🤖 AI Summary
Clinical reports accompanying chest X-ray (CXR) images exhibit abundant abbreviations, heterogeneous stylistic variations, and high noise levels, severely impairing generalization in CXR image–text alignment.
Method: We propose LL2VEC4CXR and LL2CLIP4CXR—dual-encoder frameworks that integrate domain-adapted large language models (LLMs) as text encoders into medical vision–language modeling for the first time, prioritizing robust textual representation over data scale. Our approach fuses LLM-based text encoders with visual backbones and optimizes clinical semantic embeddings via contrastive learning.
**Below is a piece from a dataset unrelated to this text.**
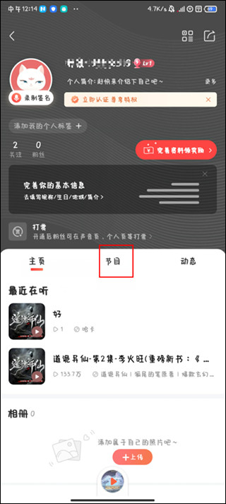2、进入到个人详细信息页面,再点击“节目”选项;

Contribution/Results: Trained on 1.6 million multi-source, noisy CXR image–report pairs, both models substantially outperform state-of-the-art methods in report-level alignment and cross-modal retrieval accuracy. Crucially, they demonstrate superior cross-dataset generalization, validating that LLM-driven robust representations are pivotal for reliable medical cross-modal alignment.
📝 Abstract
Vision-language pretraining has advanced image-text alignment, yet progress in radiology remains constrained by the heterogeneity of clinical reports, including abbreviations, impression-only notes, and stylistic variability. Unlike general-domain settings where more data often leads to better performance, naively scaling to large collections of noisy reports can plateau or even degrade model learning. We ask whether large language model (LLM) encoders can provide robust clinical representations that transfer across diverse styles and better guide image-text alignment. We introduce LLM2VEC4CXR, a domain-adapted LLM encoder for chest X-ray reports, and LLM2CLIP4CXR, a dual-tower framework that couples this encoder with a vision backbone. LLM2VEC4CXR improves clinical text understanding over BERT-based baselines, handles abbreviations and style variation, and achieves strong clinical alignment on report-level metrics. LLM2CLIP4CXR leverages these embeddings to boost retrieval accuracy and clinically oriented scores, with stronger cross-dataset generalization than prior medical CLIP variants. Trained on 1.6M CXR studies from public and private sources with heterogeneous and noisy reports, our models demonstrate that robustness -- not scale alone -- is the key to effective multimodal learning. We release models to support further research in medical image-text representation learning.